Rodriguez provided examples of how an external AI interface could call Luna via secure API while Asure remains the system of record and execution engine. In one scenario, a CFO using Microsoft Copilot in Excel could request a compensation model and receive payroll cost, tax impact, and cash flow effects using live payroll and tax data. In another, an HR manager could ask an agent in Slack about the fully loaded cost of new hires across states, with Luna calculating employer payroll taxes and benefit loads.

Product demonstrations showed payroll processing and tax setup corrections

Asure showed a demo of a payroll manager running an end-to-end payroll cycle inside Asure Central using Luna. In the walkthrough, Luna proactively alerted the user that payroll was ready to run, retrieved payroll data to answer questions (including identifying an employee with no recorded hours), produced a payroll summary, generated a downloadable PDF, and then executed the payroll after user confirmation. The demo concluded with a completion notification and a link to view the processed payroll for the specified pay period.

A second demo focused on tax compliance setup. Luna identified missing agency IDs (Virginia SUI and Florida SUI), explained expected ID formats and why the IDs were required, detected a user’s mistaken input (attempting to change a rate rather than an ID), suggested the correct update, and executed changes after confirmation. The workflow ended with Luna submitting the changes and the user verifying they were applied.

Operating leverage: cost-to-serve reduction, retention, and faster development

Rodriguez said Luna functions as a “cost reduction engine” through payroll query deflection, fewer support tickets, guided compliance Q&A, faster payroll processing, automated amendment suggestions, and faster onboarding via conversational workflows. She also positioned Luna as a near-term retention tool through proactive compliance alerts and anomaly detection aimed at preventing payroll errors, which she said can drive churn. Over the longer term, she described Luna as a differentiator that compounds with platform data depth and can support premium pricing, improving margins without proportional cost growth.

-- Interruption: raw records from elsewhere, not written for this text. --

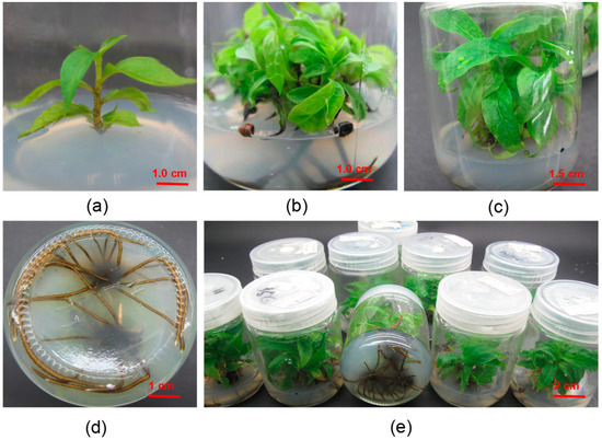 Rooting culture is an important step in factory sapling cultivation. Selecting a suitable medium can effectively improve the effect of rooting culture and increase the survival rate of saplings. Individual adventitious shoots were cut from the tufted stems and inoculated into the culture medium as described in Table 8 (Figure 7a). When the IBA concentration was 0.5 mg/L, the rooting rate and rooting number were lower as a whole; when the concentration of IBA was 1.0 mg/L, the rooting rate increased first and then decreased with the concentration of NAA. When the concentration of NAA was 0.5 mg/L, the rooting rate was relatively high; when the IBA concentration was 1.5 mg/L, the rooting rate and rooting number were lower as a whole. The study on the effect of IBA and NAA on rooting showed that when IBA was 1.0 mg/L and NAA was 0.5 mg/L, the rooting rate was higher as a whole; when the IBA was 1.0 mg/L and the NAA was 0.5 mg / L, with the increase in sucrose concentration, the rooting rate and rooting number first increase and then decrease. When the sucrose concentration was 20 g/L, the rooting rate and rooting number were the highest, and the growth was excellent. After 25 days of rooting culture, a large number of adventitious roots (Figure 7b) began to be produced. After 40 days of culture, the leaves were large and green (Figure 7c), the roots grew vigorously (Figure 7d), and the adventitious shoots of rooting culture grew very well overall (Figure 7e). Finally, the best culture and combination of root culture was 1/2 MS + 1.0 mg/L IBA + 0.5 mg/L NAA + 20 g/L sucrose.
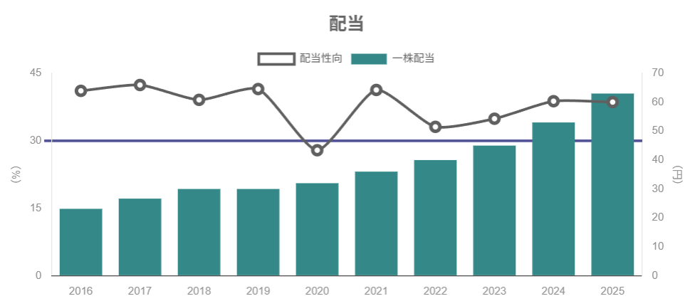 配当実績を見ると、着実な増配トレンドを維持しています。配当性向は概ね30〜40%台で推移し、2026/3期に40%まで引き上げる方針を公表済みです。
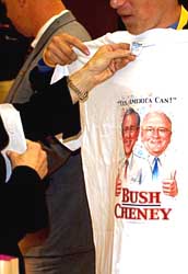 美國共和黨大會當(dāng)?shù)貢r間八月三十日至九月二日在紐約舉行,會場里出售的印有布什和切尼肖像的文化衫成為搶手貨。作者:趙海燕
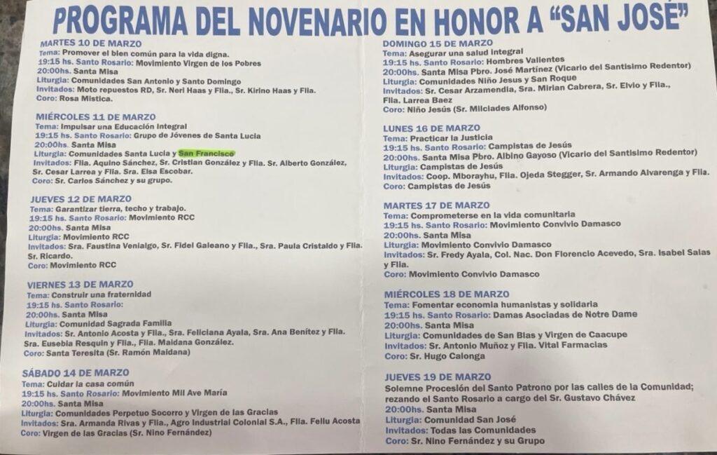 Desde la organización invitan a toda la comunidad a participar de estos días de oración y encuentro, confiando las intenciones de las familias a la intercesión de San José.
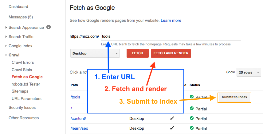 5. Submit for reindexing
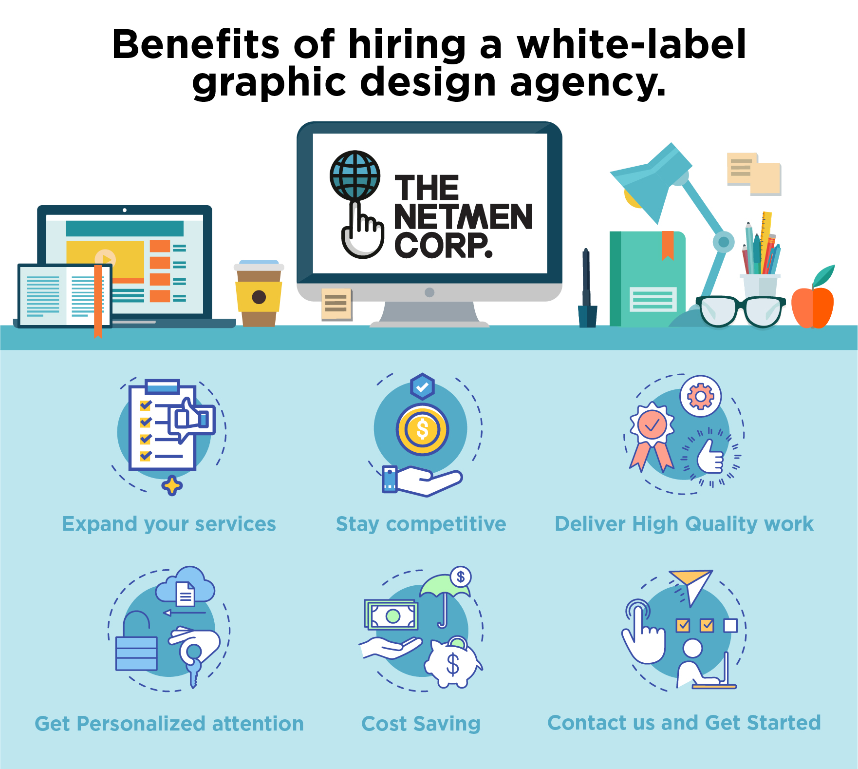 The NetMenCorp offers white-label services and you’ll get all the benefits I previously mentioned. And the best part is that you can get our services, the expertise and professionalism of our design team, and an account manager who will understand your goals, drivers, and needs and who will be always ready to go the extra mile.

On the product development side, Rodriguez said Asure is using AI to increase R&D throughput. She stated that approximately 70% of new code is generated with AI tools acting as copilots, UX prototyping can be done in minutes instead of days, and legacy code can be translated and modernized with AI—allowing the company to “ship faster with the same team.”

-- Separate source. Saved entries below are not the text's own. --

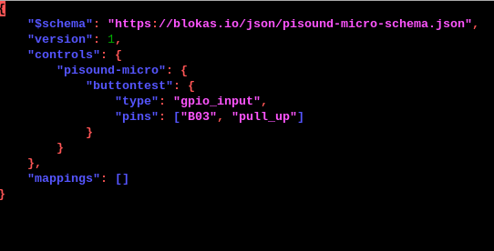 echo btn gpio B05 input pull_up > /sys/pisound-micro/setup
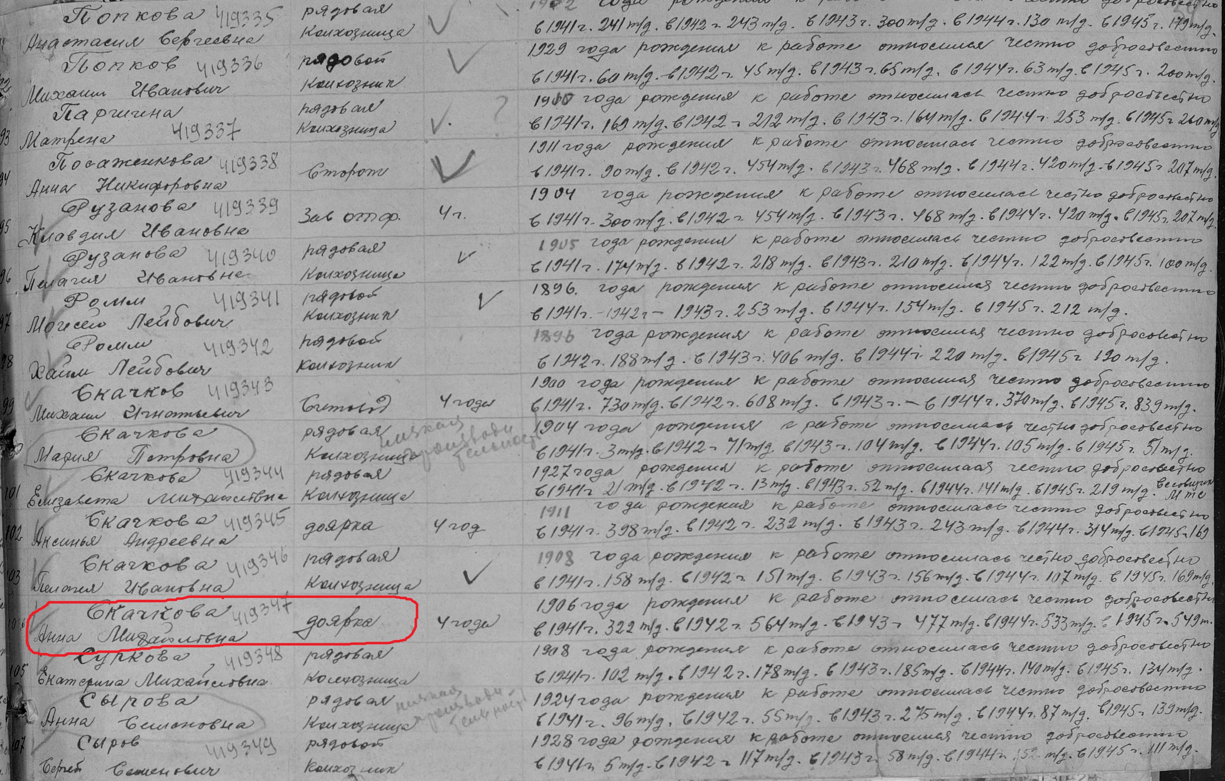 Скочкова Анна Михайловна родилась 16.09.1906 года в с.Новошешминск Казанской губернии Чистопольского уезда Новошешминской волости. В годы Великой Отечественной войны работала в колхозе «Красный Октябрь» дояркой. Награждена медалью "За доблестный труд в Великой Отечественной войне 1941–1945 гг." (Акт от 28 апреля 1947 г, фонд 3610, опись 2, дело № 325, лист 34, № 419347). Умерла 02.05.1993 года, похоронена на сельском кладбище с.Новошешминск.
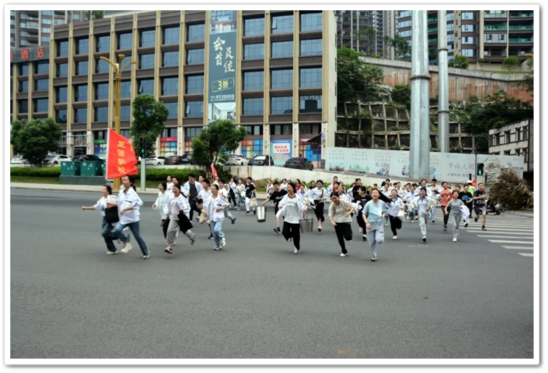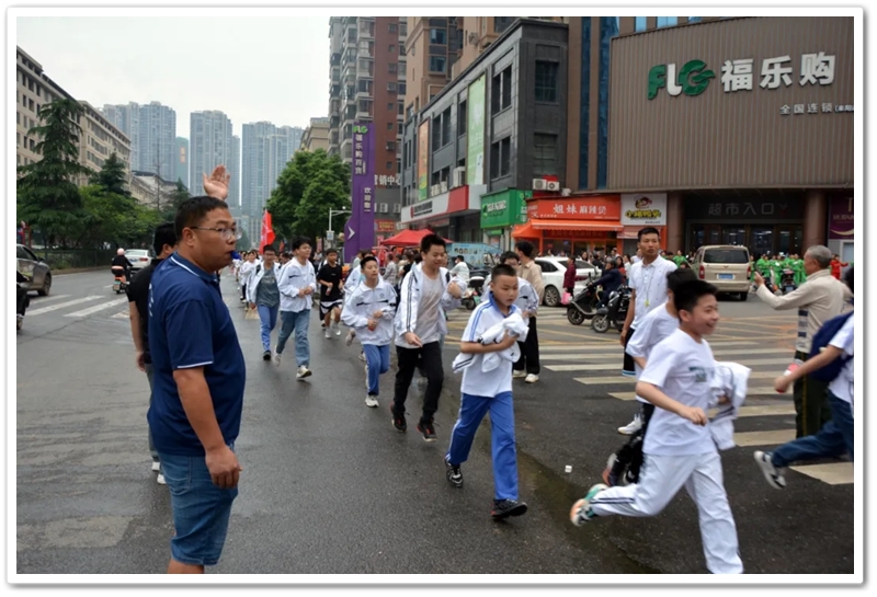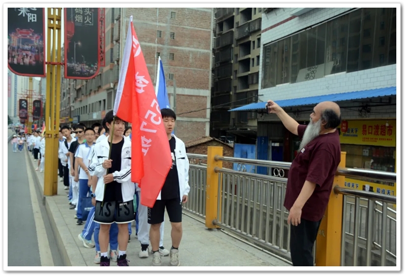 罗校长沿路在同学们身旁穿梭,带着同学们一路高歌,一路高呼班级口号。

Goepel said Asure believes it has reached an inflection point and reiterated that AI embedded in software can help the company grow revenue faster than it adds people, while expanding the market it can serve across tools, enablement, workflow, and services.

In the Q&A, management said the barriers for an AI company to become an IRS bulk filer and execute payroll tax filings directly are “all three” of regulatory, operational, and technical, emphasizing that the authority and operational experience with agencies is not something that can be turned on quickly. When asked where cost-to-serve reductions are already showing up, Goepel responded that benefits are appearing “all of the above,” pointing back to the payroll and tax demonstrations. On monetization and adoption, Goepel pointed to opportunities to drive attach rates and revenue per unit through proactive regulatory-related offerings and expanded service models where Asure can handle more end-to-end work for customers.

About Asure Software (NASDAQ:ASUR)

Asure Software, Inc (NASDAQ: ASUR) is a Texas‐based technology company specializing in cloud‐based workforce and workspace management solutions. The company develops software that streamlines human capital management (HCM), payroll processing, time and attendance tracking, and workspace reservation for businesses seeking to optimize employee experience and operational efficiency.

The Asure platform includes modules for payroll administration, benefits enrollment, performance management, applicant tracking and onboarding, as well as mobile and web‐based timekeeping.